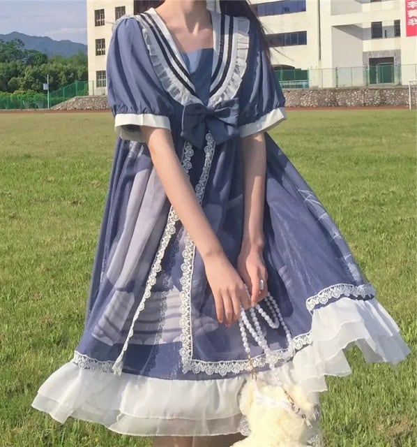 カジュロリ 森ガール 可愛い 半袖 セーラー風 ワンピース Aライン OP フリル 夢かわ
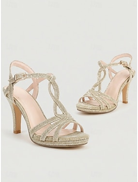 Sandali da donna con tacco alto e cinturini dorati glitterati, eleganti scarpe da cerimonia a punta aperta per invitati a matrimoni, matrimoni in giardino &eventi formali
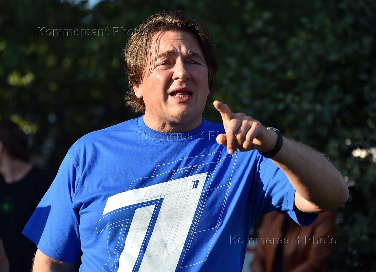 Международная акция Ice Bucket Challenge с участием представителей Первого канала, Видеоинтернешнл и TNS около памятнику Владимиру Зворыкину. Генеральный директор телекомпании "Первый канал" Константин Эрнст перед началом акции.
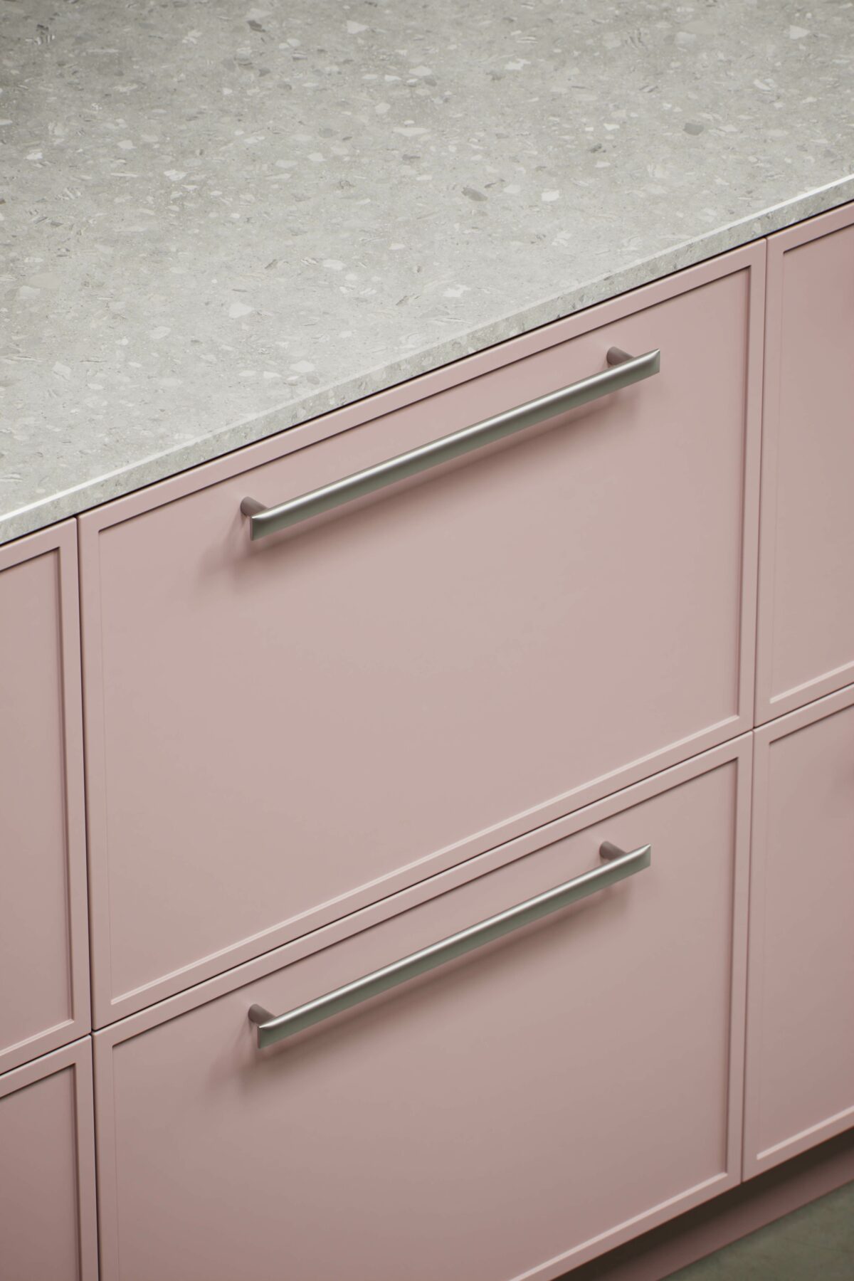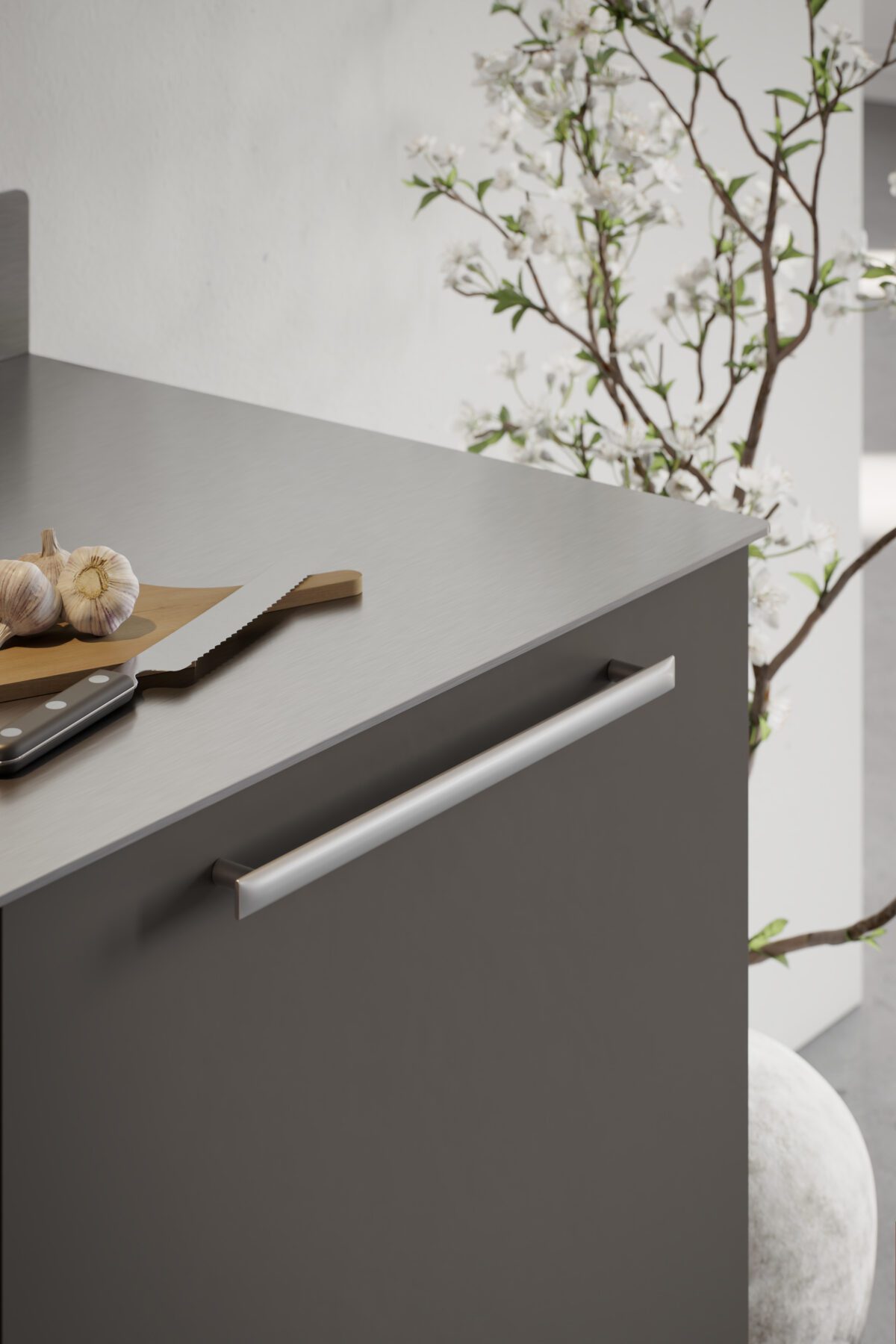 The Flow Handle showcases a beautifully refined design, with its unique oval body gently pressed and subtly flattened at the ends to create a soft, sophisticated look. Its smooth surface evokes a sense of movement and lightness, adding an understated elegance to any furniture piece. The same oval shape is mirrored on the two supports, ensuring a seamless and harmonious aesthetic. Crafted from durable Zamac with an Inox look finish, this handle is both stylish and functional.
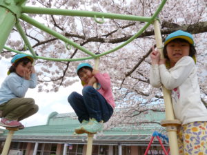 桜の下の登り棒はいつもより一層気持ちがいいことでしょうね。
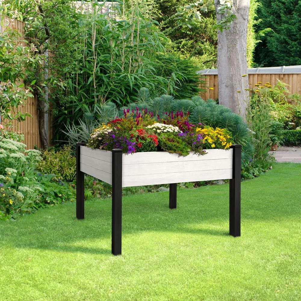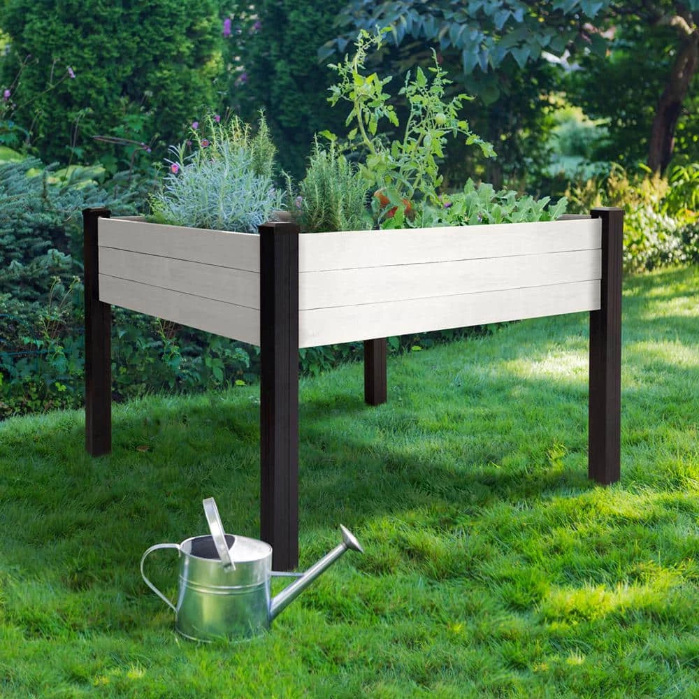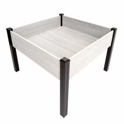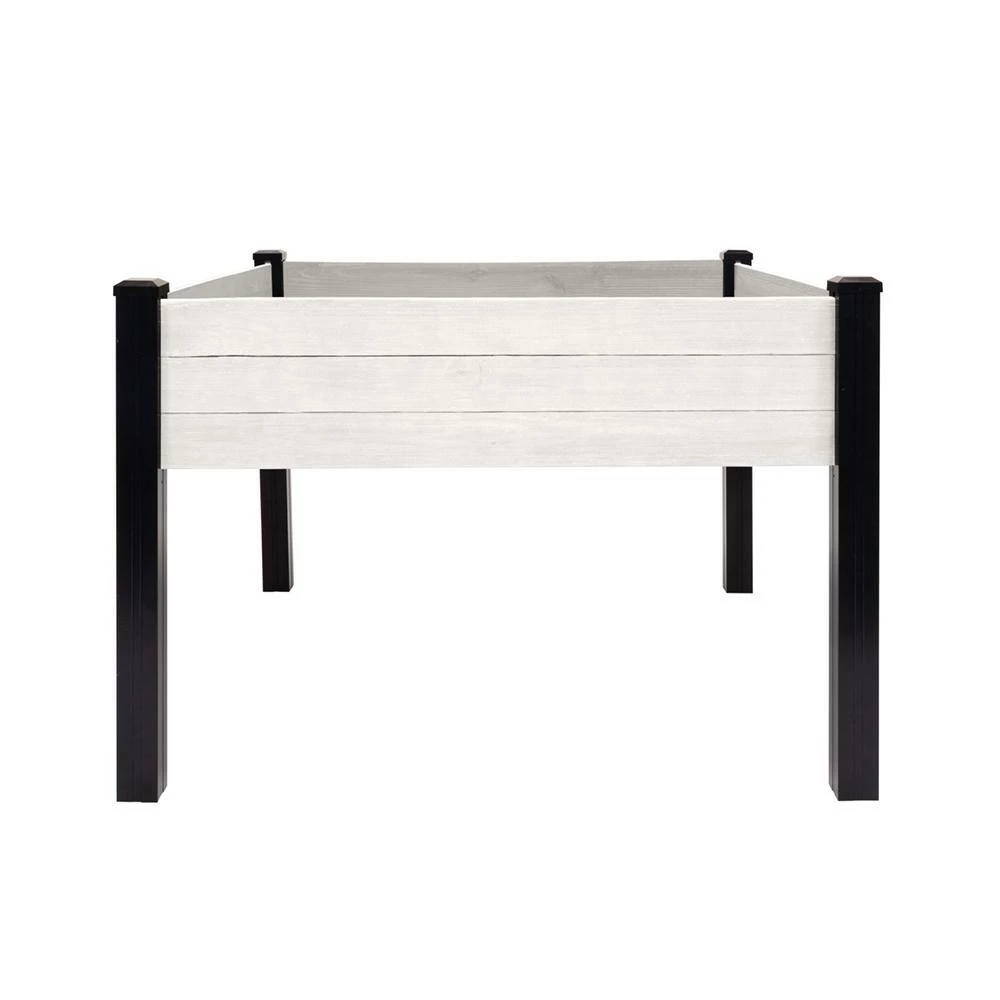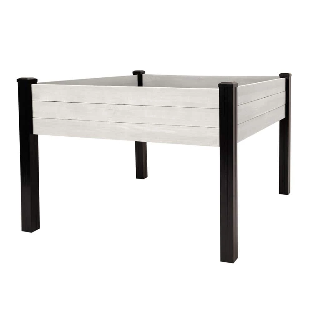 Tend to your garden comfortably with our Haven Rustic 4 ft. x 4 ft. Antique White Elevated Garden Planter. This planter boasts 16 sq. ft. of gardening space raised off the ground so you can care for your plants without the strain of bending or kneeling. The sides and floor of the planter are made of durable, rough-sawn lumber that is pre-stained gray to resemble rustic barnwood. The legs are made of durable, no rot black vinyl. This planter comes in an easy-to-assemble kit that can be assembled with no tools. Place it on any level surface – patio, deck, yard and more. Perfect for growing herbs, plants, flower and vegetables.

**Action item:**
Beginning at the line that contains "Sandali da donna", transcribe it and every later line through the last line of the data above, exactly, and drop the pictures.

**Response to the exercise:**
 Sandali da donna con tacco alto e cinturini dorati glitterati, eleganti scarpe da cerimonia a punta aperta per invitati a matrimoni, matrimoni in giardino &eventi formali
 Международная акция Ice Bucket Challenge с участием представителей Первого канала, Видеоинтернешнл и TNS около памятнику Владимиру Зворыкину. Генеральный директор телекомпании "Первый канал" Константин Эрнст перед началом акции.
 The Flow Handle showcases a beautifully refined design, with its unique oval body gently pressed and subtly flattened at the ends to create a soft, sophisticated look. Its smooth surface evokes a sense of movement and lightness, adding an understated elegance to any furniture piece. The same oval shape is mirrored on the two supports, ensuring a seamless and harmonious aesthetic. Crafted from durable Zamac with an Inox look finish, this handle is both stylish and functional.
 桜の下の登り棒はいつもより一層気持ちがいいことでしょうね。
 Tend to your garden comfortably with our Haven Rustic 4 ft. x 4 ft. Antique White Elevated Garden Planter. This planter boasts 16 sq. ft. of gardening space raised off the ground so you can care for your plants without the strain of bending or kneeling. The sides and floor of the planter are made of durable, rough-sawn lumber that is pre-stained gray to resemble rustic barnwood. The legs are made of durable, no rot black vinyl. This planter comes in an easy-to-assemble kit that can be assembled with no tools. Place it on any level surface – patio, deck, yard and more. Perfect for growing herbs, plants, flower and vegetables.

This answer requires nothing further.